EXERCISE GOAL:
Please repeat exactly the lines from the one containing "Pueden visitar el" through the last line of the records below, leaving out any pictures.

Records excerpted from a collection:
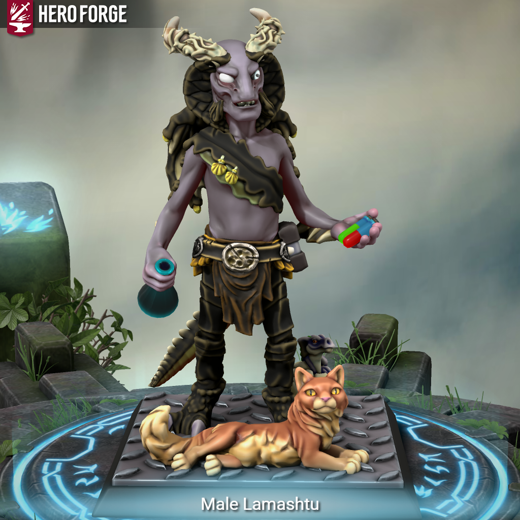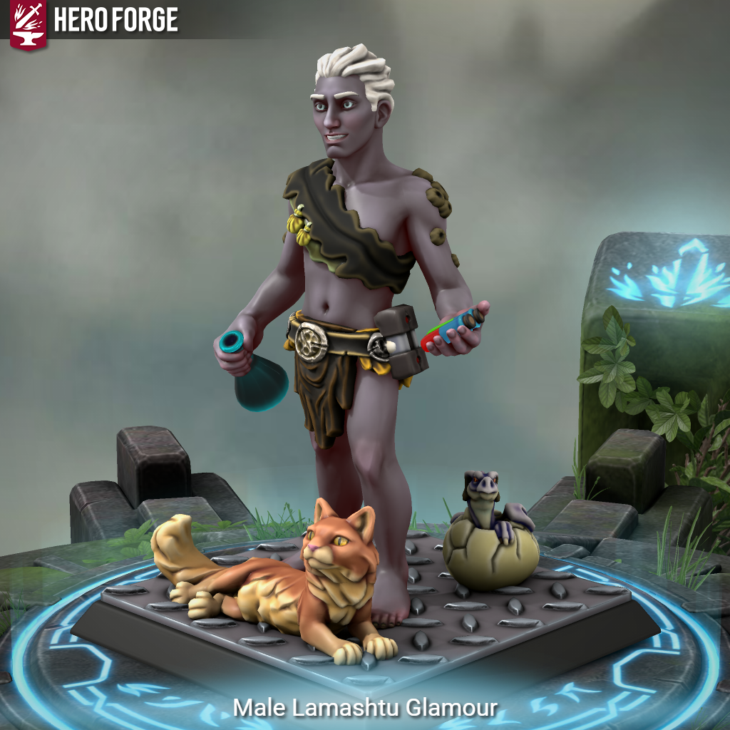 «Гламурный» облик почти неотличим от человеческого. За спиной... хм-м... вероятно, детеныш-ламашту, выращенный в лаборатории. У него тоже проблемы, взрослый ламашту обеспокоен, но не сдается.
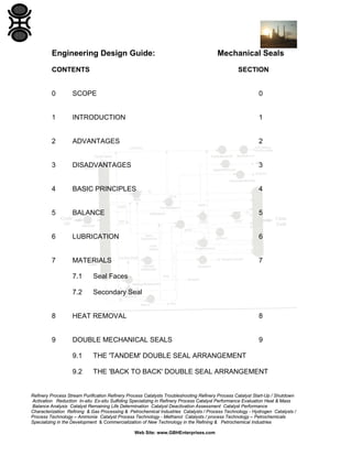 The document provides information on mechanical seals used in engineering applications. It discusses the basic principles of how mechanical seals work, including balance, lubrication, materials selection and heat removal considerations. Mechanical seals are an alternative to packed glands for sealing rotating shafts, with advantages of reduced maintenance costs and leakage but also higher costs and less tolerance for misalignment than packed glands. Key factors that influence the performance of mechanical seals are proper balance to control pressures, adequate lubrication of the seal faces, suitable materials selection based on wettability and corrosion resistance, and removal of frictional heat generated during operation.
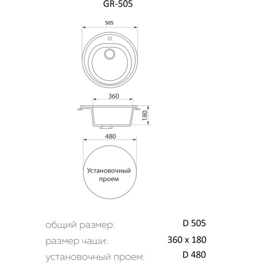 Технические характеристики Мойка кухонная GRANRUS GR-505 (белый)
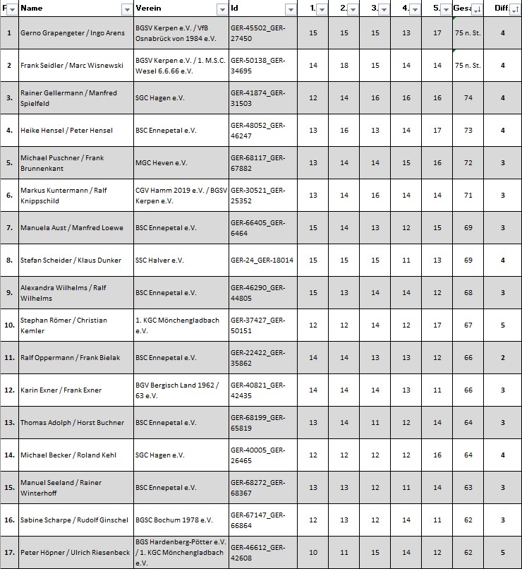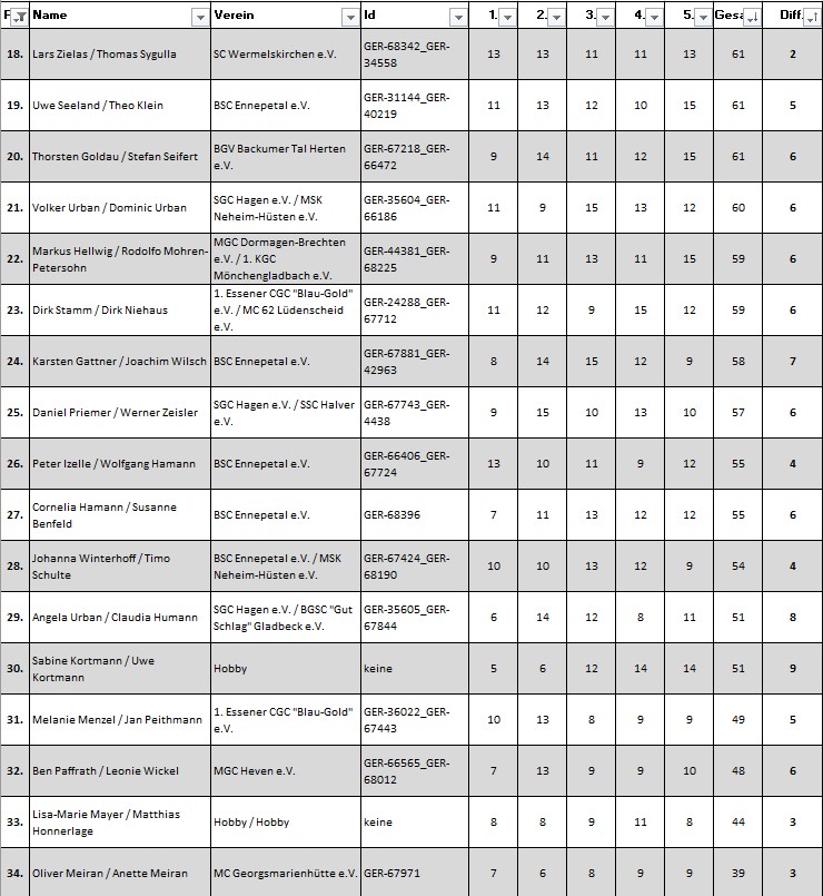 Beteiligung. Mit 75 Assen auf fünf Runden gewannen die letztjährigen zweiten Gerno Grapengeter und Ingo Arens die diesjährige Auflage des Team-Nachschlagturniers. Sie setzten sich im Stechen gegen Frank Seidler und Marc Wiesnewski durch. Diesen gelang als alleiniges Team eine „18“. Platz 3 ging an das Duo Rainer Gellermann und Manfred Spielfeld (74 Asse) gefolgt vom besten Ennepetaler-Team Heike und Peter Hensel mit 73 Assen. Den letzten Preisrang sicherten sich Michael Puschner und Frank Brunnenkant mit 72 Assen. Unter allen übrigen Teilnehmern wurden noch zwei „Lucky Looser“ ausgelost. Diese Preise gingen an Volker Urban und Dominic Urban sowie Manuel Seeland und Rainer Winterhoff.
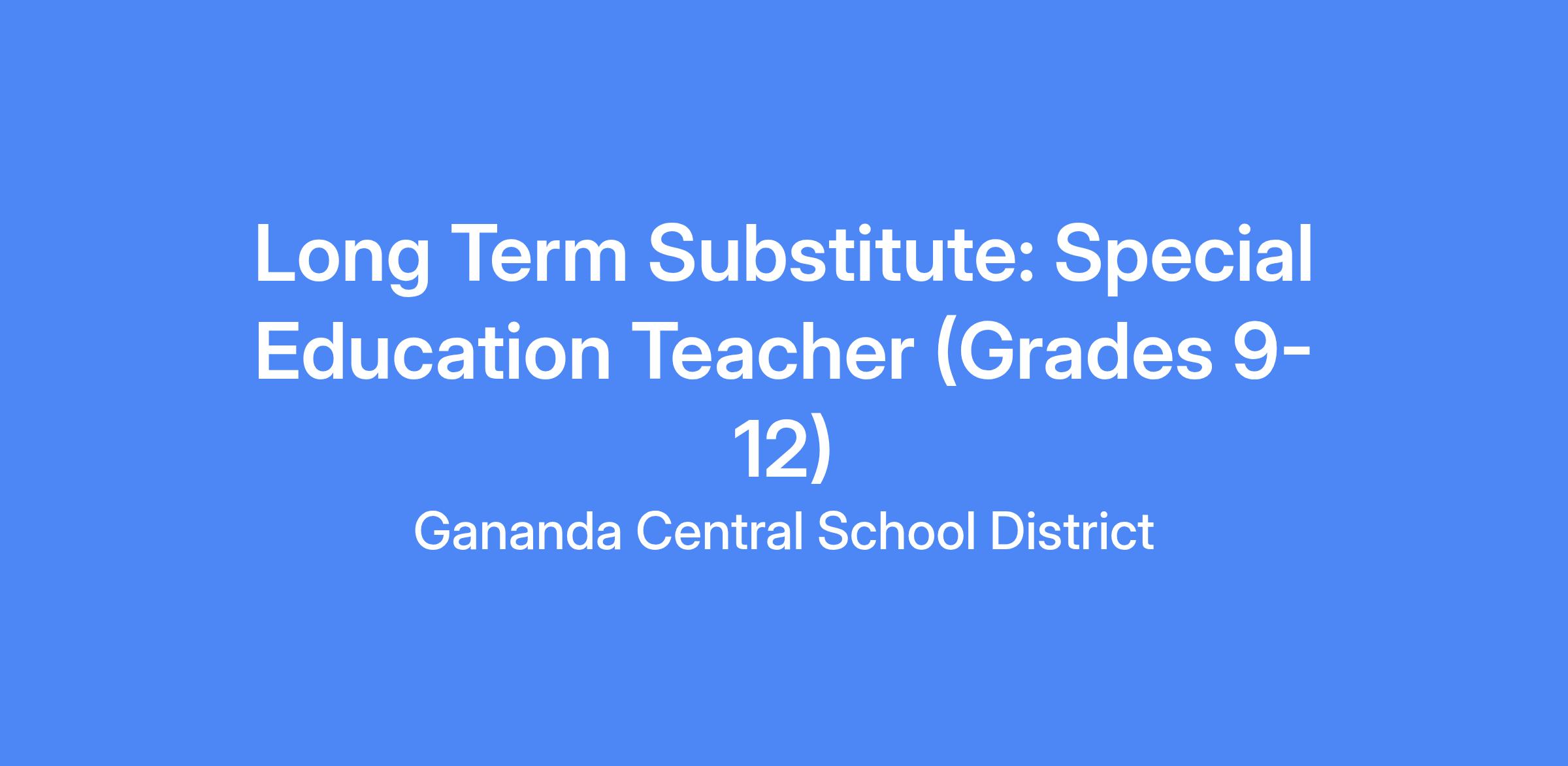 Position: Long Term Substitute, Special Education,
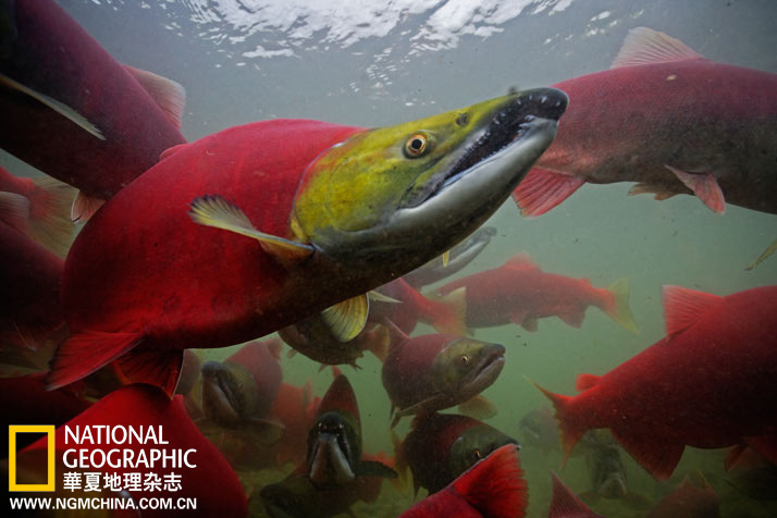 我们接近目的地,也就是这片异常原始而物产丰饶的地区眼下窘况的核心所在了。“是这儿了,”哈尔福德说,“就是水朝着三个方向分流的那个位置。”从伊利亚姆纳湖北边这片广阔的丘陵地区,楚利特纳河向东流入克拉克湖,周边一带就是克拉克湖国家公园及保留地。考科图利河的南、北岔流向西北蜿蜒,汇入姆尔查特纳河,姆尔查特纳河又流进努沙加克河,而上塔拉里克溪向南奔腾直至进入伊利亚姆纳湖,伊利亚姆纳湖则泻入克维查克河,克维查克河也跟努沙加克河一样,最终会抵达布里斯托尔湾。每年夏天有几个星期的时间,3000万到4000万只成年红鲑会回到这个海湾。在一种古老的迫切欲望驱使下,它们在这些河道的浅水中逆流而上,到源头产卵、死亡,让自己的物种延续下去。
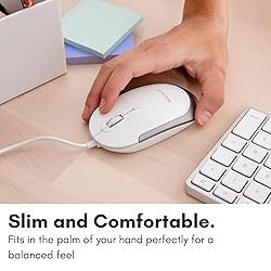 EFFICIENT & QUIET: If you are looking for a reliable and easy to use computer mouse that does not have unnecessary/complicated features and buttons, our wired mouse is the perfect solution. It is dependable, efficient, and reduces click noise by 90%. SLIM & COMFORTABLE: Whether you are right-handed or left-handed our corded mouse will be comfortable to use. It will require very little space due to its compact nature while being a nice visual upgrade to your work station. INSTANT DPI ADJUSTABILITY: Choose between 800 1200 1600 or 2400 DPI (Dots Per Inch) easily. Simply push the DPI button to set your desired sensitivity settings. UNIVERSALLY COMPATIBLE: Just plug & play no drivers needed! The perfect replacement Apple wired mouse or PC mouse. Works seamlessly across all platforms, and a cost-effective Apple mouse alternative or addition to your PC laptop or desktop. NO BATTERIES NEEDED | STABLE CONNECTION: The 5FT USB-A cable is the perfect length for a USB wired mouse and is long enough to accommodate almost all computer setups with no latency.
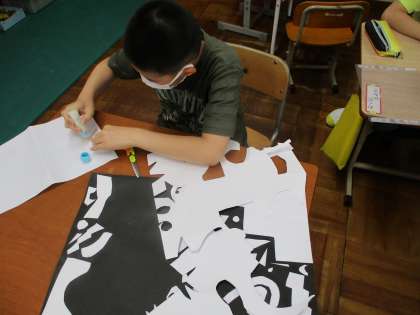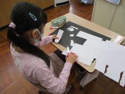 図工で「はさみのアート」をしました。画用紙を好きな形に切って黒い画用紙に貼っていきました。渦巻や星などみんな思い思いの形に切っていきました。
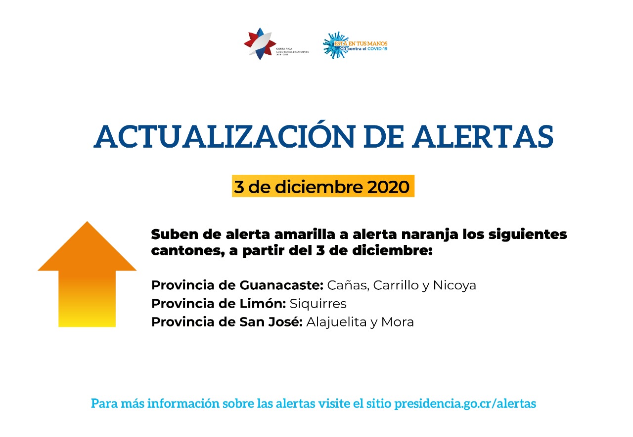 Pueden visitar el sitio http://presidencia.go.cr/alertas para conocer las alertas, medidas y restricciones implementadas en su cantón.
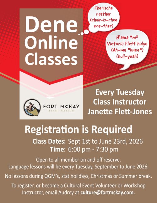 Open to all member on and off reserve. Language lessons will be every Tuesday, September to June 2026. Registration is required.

ANSWER BOX:
 Pueden visitar el sitio http://presidencia.go.cr/alertas para conocer las alertas, medidas y restricciones implementadas en su cantón.
 Open to all member on and off reserve. Language lessons will be every Tuesday, September to June 2026. Registration is required.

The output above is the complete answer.